Over discussions with friends, in dorm rooms, or with other entrepreneurs over drinks or coffee, some of the best new ideas are born. Let's face it it's fun to chat about things that are exciting and to get ideas from others along the way. The informality of these conversations also causes individuals to jointly send funding requests, to keep each other out as co-founders, and to speak loosely about equity shares.

You completely have to negotiate on the terms of your partnership with the co-founder when you actually have a co-founder. Later on, not doing so will cause immense problems. Think of the founder agreement as a kind of "pre-nuptial agreement" in a way.

In any kind of written Founders agreement, here are the main terms of the contract you need to address:

  • Who is getting what percentage of the business?

  • Is the percentage of ownership subject to vesting on the basis of continued business participation?

  • What are the founders' functions and responsibilities?

  • Will the firm or the other founder have the right to buy back the shares of the founder if one founder leaves? At what cost?

  • How much time is required of each founder to be devoted to the business?

  • What salaries are the founders (if any) entitled to? How is it possible to improve that?

  • How does the company make crucial decisions and day-to-day decisions (majority vote, a unanimous vote, or those decisions exclusively in the hands of the CEO)?

  • In what conditions would a founder be eliminated as a company employee? (This will usually be a decision by the board of directors of the company.)

  • What assets or cash does any founder contribute or invest in the company?

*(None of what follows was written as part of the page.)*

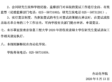 南信大考研辅导班:自动化学院2020年招收攻读硕士学位研究生复试及录取工作细则

  • How will the sale of the company be decided?

 

  1. The strategy of patent needs to be cost-effective and not be avoided

Patents can be important business properties. Patent portfolios are also interpreted as a way of boxing out rivals in similar technical spaces to have offensive advantages. Patents, however, also have extensive defensive advantages. For example, if a start-up is threatened by a competitor's patent infringement, a defensive patent portfolio may serve as a valuable bargaining chip. This can lead to a range of reasonably favorable results for a start-up, including improved terms of settlement or a cross-licensing opportunity. If any lawsuit is launched, it may also permit an opportunity to file counterclaims.


 

  1. Open-source Software

Startups may elect to integrate open source software into their code while developing software. In general, the use of open-source software is free and can also speed up development. Open source licenses must be read carefully, however. Start-ups could face threats of breach of contract or copyright infringement if the open-source code is used in a way not allowed by the license.


 

  1. Beware while hiring a new employee

In recruiting new employees, especially from competitors, you need to be extremely careful. You want to escape lawsuits from the former employer that your business is using the prior employer's confidential or proprietary information.

Consider the following in that regard:

  • Make sure that the worker is not subject to a related non-compete binding arrangement.

  • Require the new employee to represent that no sensitive or proprietary information or files of the former employer are taken over by them.

  • Require the new employee to agree not to use any third party confidential or proprietary information.

  • Until recruiting, do full reference checks on the new employer.

 

To know more about, How a Startup can acquire and build high performance, refer to the given video below-

 

 

 


Conclusion

It is a once-in-a-lifetime opportunity to set up a company or launch new start-ups with the implementation of Atmanibhar Bharat by the Government of India. The urgent need for an hour, however, needs entrepreneurs to be conscious of the extreme value of intellectual property rights and the need for a constructive approach to protecting their intellectual property rights. They need to realize the value of implementing an intellectual property security policy right from the outset, in order to shift the attitude of entrepreneurs. It cannot be denied that the protection of these rights might be correlated with a cost. However as IPR is an asset that offers various economic benefits for the entrepreneur when secured from the beginning, the price is more like an investment.